Atrial fibrillation is a common cardiac arrhythmia, especially in the elderly, and affects over 1% of the population.

  • atrial fibrillation increases the risk of stroke and other vascular events
    • oral anticoagulation therapy such as warfarin reduces stroke by two-thirds compared with no treatment and compared with aspirin, oral anticoagulation therapy reduces the risk of stroke by 45% and reduces cardiovascular events by 29% (1)
  • the ACTIVE W trial was designed to assess whether clopidogrel plus aspirin was non-inferior to oral anticoagulation therapy for prevention of vascular events
    • patients eligible for and willing to take oral anticoagulation therapy were enrolled into ACTIVE W, in which clopidogrel plus aspirin was compared to oral anticoagulation therapy
    • patients eligible for the study:
      • patients had electrocardiographic evidence of atrial fibrillation and at least one of the following:
        • age 75 years or older
        • on treatment for systemic hypertension;
        • previous stroke, transient ischaemic attack, or non-CNS systemic embolus
        • left ventricular dysfunction with left ventricular ejection fraction less than 45%
        • peripheral arterial disease
      • if patients were aged 55-74 years and did not have one of the other inclusion criteria they were required to have either diabetes mellitus requiring drug therapy or previous coronary artery disease
      • patients were excluded if they had any of the following: contraindication for clopidogrel or for oral anticoagulant (such as prosthetic mechanical heart valve); documented peptic ulcer disease within the previous 6 months; previous intracerebral haemorrhage; significant thrombocytopenia (platelet count <50×109/L); or mitral stenosis
    • study protocol:
      • patients were randomly allocated to receive oral anticoagulation therapy (target international normalised ratio of 2·0-3·0; n=3371) or clopidogrel (75 mg per day) plus aspirin (75-100 mg per day recommended; n=3335)
      • primary outcome was first occurrence of stroke, non-CNS systemic embolus, myocardial infarction, or vascular death.
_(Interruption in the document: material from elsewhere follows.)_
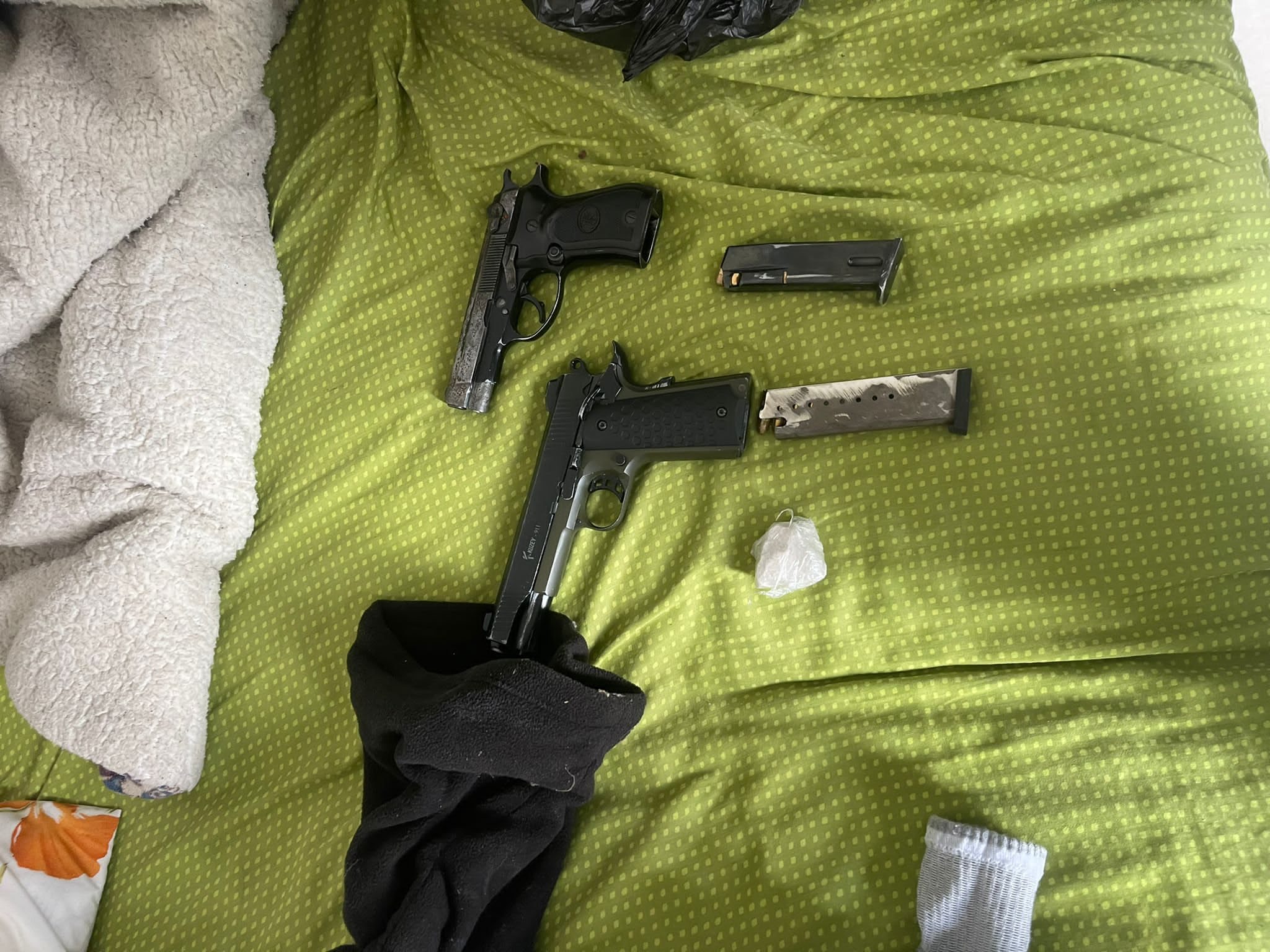 בחיפוש שערכו השוטרים בביתו, נתפסו שני אקדחים טעונים בתחמושת וסם מסוג 'קריסטל' במשקל 34 גרם.

Analyses were by intention-to-treat.
    • results:
      • study was stopped early because of clear evidence of superiority of oral anticoagulation therapy
        • were 165 primary events in patients on oral anticoagulation therapy (annual risk 3·93%) and 234 in those on clopidogrel plus aspirin (annual risk 5·60%; relative risk 1·44 (1·18-1.76; p=0.0003)
        • patients on oral anticoagulation therapy who were already receiving this treatment at study entry had a trend towards a greater reduction in vascular events (relative risk 1·50, 95% CI 1·19-1·89) and a significantly (p=0·03 for interaction) lower risk of major bleeding with oral anticoagulation therapy (1.30; 0.94-1.79) than patients not on this treatment at study entry (1·27, 0·85-1·89 and 0·59, 0·32-1·08, respectively).
    • the study authors concluded that oral anticoagulation therapy is superior to clopidogrel plus aspirin for prevention of vascular events in patients with atrial fibrillation at high risk of stroke, especially in those already taking oral anticoagulation therapy
    • a follow-up analysis concluded that:
      • in patients with atrial fibrillation for whom vitamin K-antagonist therapy was unsuitable, the addition of clopidogrel to aspirin reduced the risk of major vascular events, especially stroke, and increased the risk of major hemorrhage
        • stroke occurred in 296 patients receiving clopidogrel (2.4% per year) and 408 patients receiving placebo (3.3% per year) (relative risk, 0.72; 95% CI, 0.62 to 0.83; P<0.001)
        • myocardial infarction occurred in 90 patients receiving clopidogrel (0.7% per year) and in 115 receiving placebo (0.9% per year) (relative risk, 0.78; 95% CI, 0.59 to 1.03; P=0.08)
        • major bleeding occurred in 251 patients receiving clopidogrel (2.0% per year) and in 162 patients receiving placebo (1.3% per year) (relative risk, 1.57; 95% CI, 1.29 to 1.92; P<0.001)

Reference:

  1. ACTIVE Writing Group on behalf of the ACTIVE Investigators. Clopidogrel plus aspirin versus oral anticoagulation for atrial fibrillation in the Atrial fibrillation Clopidogrel Trial with Irbesartan for prevention of Vascular Events (ACTIVE W): a randomised controlled trial. Lancet. 2006 Jun 10;367(9526):1903-12
  2. ACTIVE Investigators, Connolly SJ, Pogue J, Hart RG, Hohnloser SH, Pfeffer M, Chrolavicius S, Yusuf S.Effect of clopidogrel added to aspirin in patients with atrial fibrillation. N Engl J Med. 2009 May 14;360(20):2066-78.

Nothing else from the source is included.